Regarding “steerability,” which is a fancy term for the process of getting the LLM to behave the way you want it to, OpenAI says its new “gpt-3.5-turbo-0613” model will include “more reliable steerability via the system message.” The system message in the API is a special directive prompt that tells the model how to behave, such as “You are Grimace. You only talk about milkshakes.”

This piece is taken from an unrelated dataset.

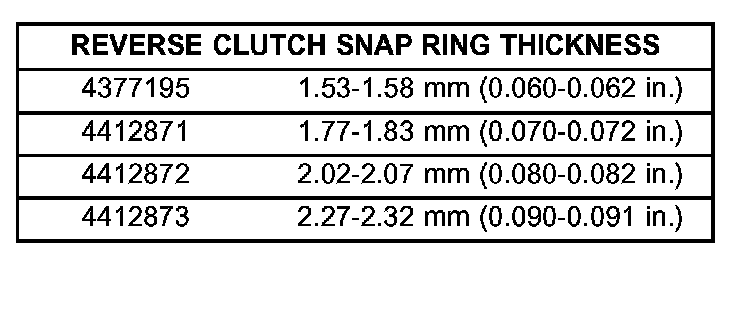 35. Take average of four measurements and compare with reverse clutch pack clearance specification. The reverse clutch pack clearance is 0.89 - 1.37 mm (0.035 - 0.054 inch). Select the proper reverse clutch snap ring to achieve specifications:
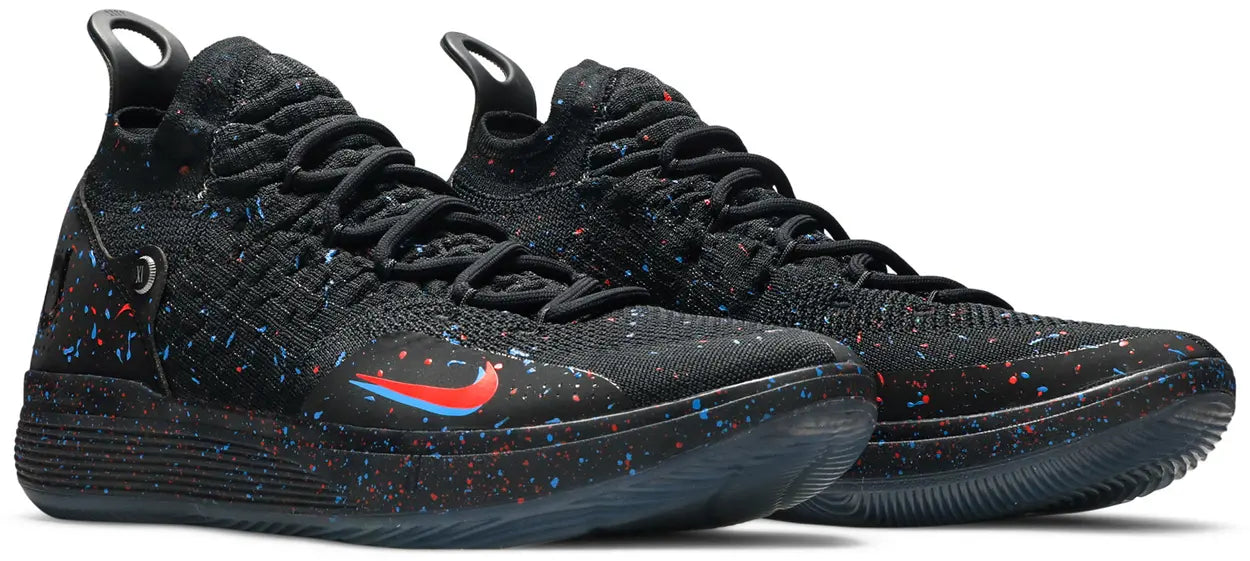 The Zoom KD 11 ‘Just Do It’ celebrates Nike’s long-running slogan with an all-over confetti-like design covering both the shoe’s black Flyknit upper and matching black React foam midsole. In addition to the flecks of Bright Crimson and Photo Blue, the mid-top is accented with a dual-layer Swoosh on the lateral toe and a woven Nike branded tag that hangs off the heel panel.

In addition to the functional improvements, OpenAI is offering substantial cost reductions. Notably, the price of the popular gpt-3.5-turbo’s input tokens has been reduced by 25 percent. This means developers can now use this model for approximately $0.0015 per 1,000 input tokens and $0.002 per 1,000 output tokens, equating to roughly 700 pages per dollar. The gpt-3.5-turbo-16k model is priced at $0.003 per 1,000 input tokens and $0.004 per 1,000 output tokens.
Further, OpenAI is offering a massive 75 percent cost reduction for its “text-embedding-ada-002” embeddings model, which is more esoteric in use than its conversational brethren. An embeddings model is like a translator for computers, turning words and concepts into a numerical language that machines can understand, which is important for tasks like searching text and suggesting relevant content.
Since OpenAI keeps updating its models, the old ones won’t be around forever. Today, the company also announced it is beginning the deprecation process for some earlier versions of these models, including gpt-3.5-turbo-0301 and gpt-4-0314. The company says that developers can continue to use these models until September 13, after which the older models will no longer be accessible.
It’s worth noting that OpenAI’s GPT-4 API is still locked behind a waitlist and yet widely available.